Гесс, всё еще размышлявший о собственной идее, вздрогнул и поспешил — присоединившись к Владимиру Львовичу — присесть на краешек кровати. Усесться с удобством — развалившись и, скажем, закинув ногу на ногу — он побоялся: кровать и впрямь не давала ощущения надежности. Как только Гесс на ней добавил к массе тела Владимира Львовича массу своего собственного тела, она жалобно скрипнула и перекосилась.
— Да-да, Юрий Михайлович, я слушаю… что за новость?
Можайский покачал головой, но от комментариев воздержался.

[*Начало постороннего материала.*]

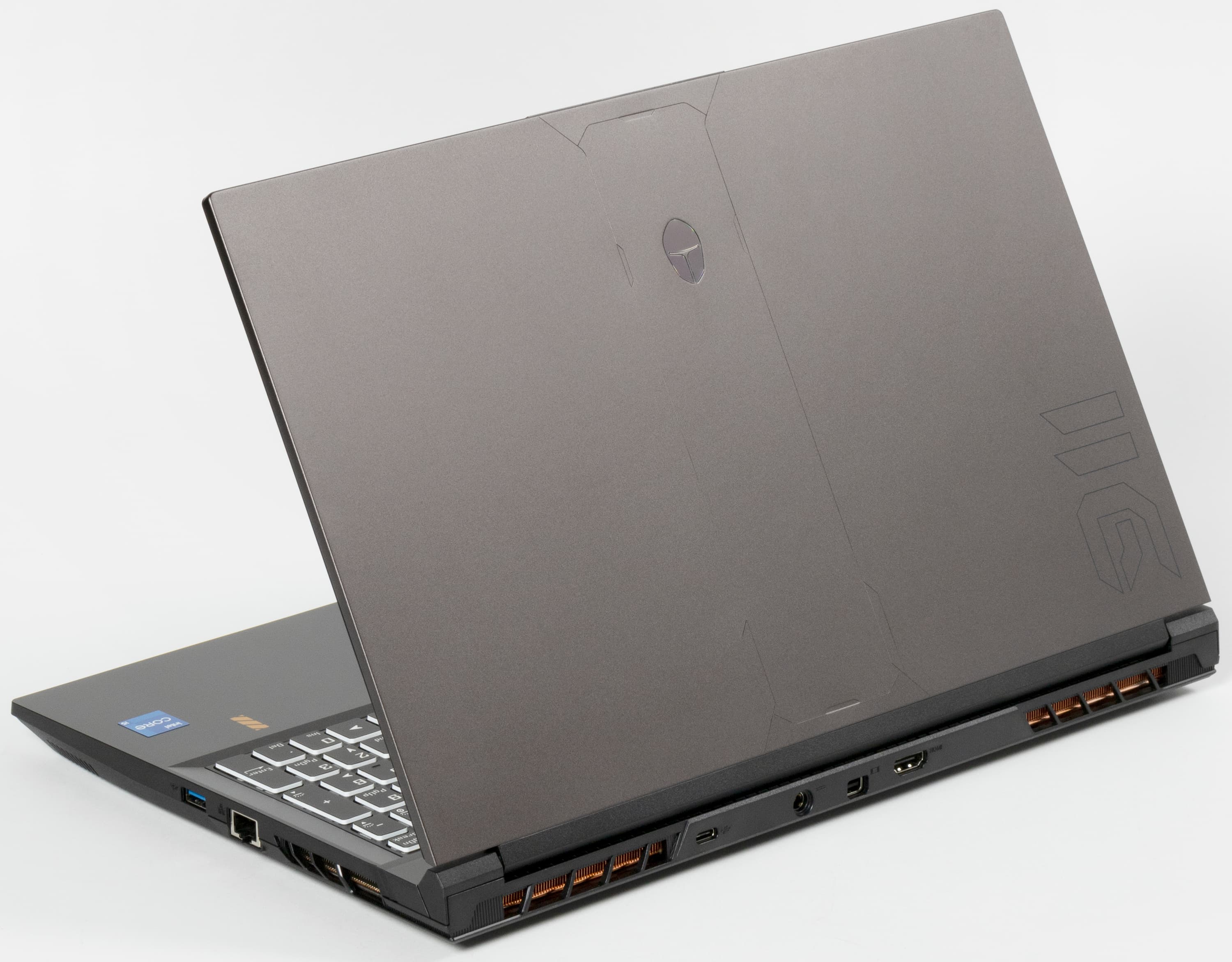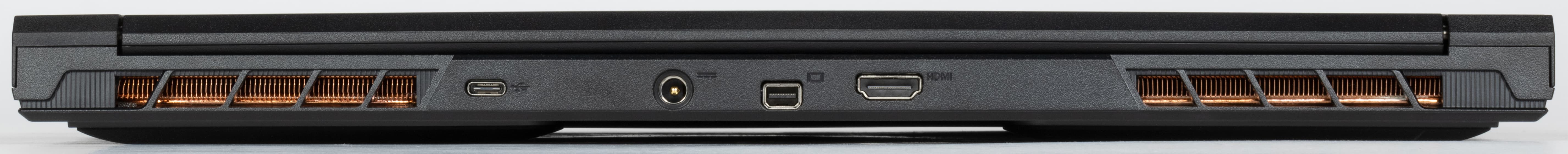 Между двумя задними решетками для эвакуации нагретого воздуха из внутреннего объема машины у Thunderobot 911 MT Pro D помещаются (слева направо) порт USB Type-C, коаксиальный разъем для подключения адаптера питания и два видеовыхода — Mini-DisplayPort и HDMI.

— Незадолго до… — быстрый взгляд в сторону Анутина, — прихода Владимира Львовича я получил вот это по дипломатическому каналу из нашего посольства в Риме.
Можайский вынул из кармана письмо. Судя по тому, что убористый почерк покрывал — с обеих сторон — несколько страниц, письмо было весьма информативным, но зачитывать его целиком Можайский не стал.
— На наших друзей напали.
Гесс едва не подскочил, но вовремя спохватился — кровать могла бы и рухнуть — и только живо спросил:
— Напали? Где? Когда? На кого именно из наших друзей?
— На Сушкина и Любимова, — ответил Можайский. — В Петербурге. Сразу же после нашего с вами, Владимир Арнольдович, отъезда…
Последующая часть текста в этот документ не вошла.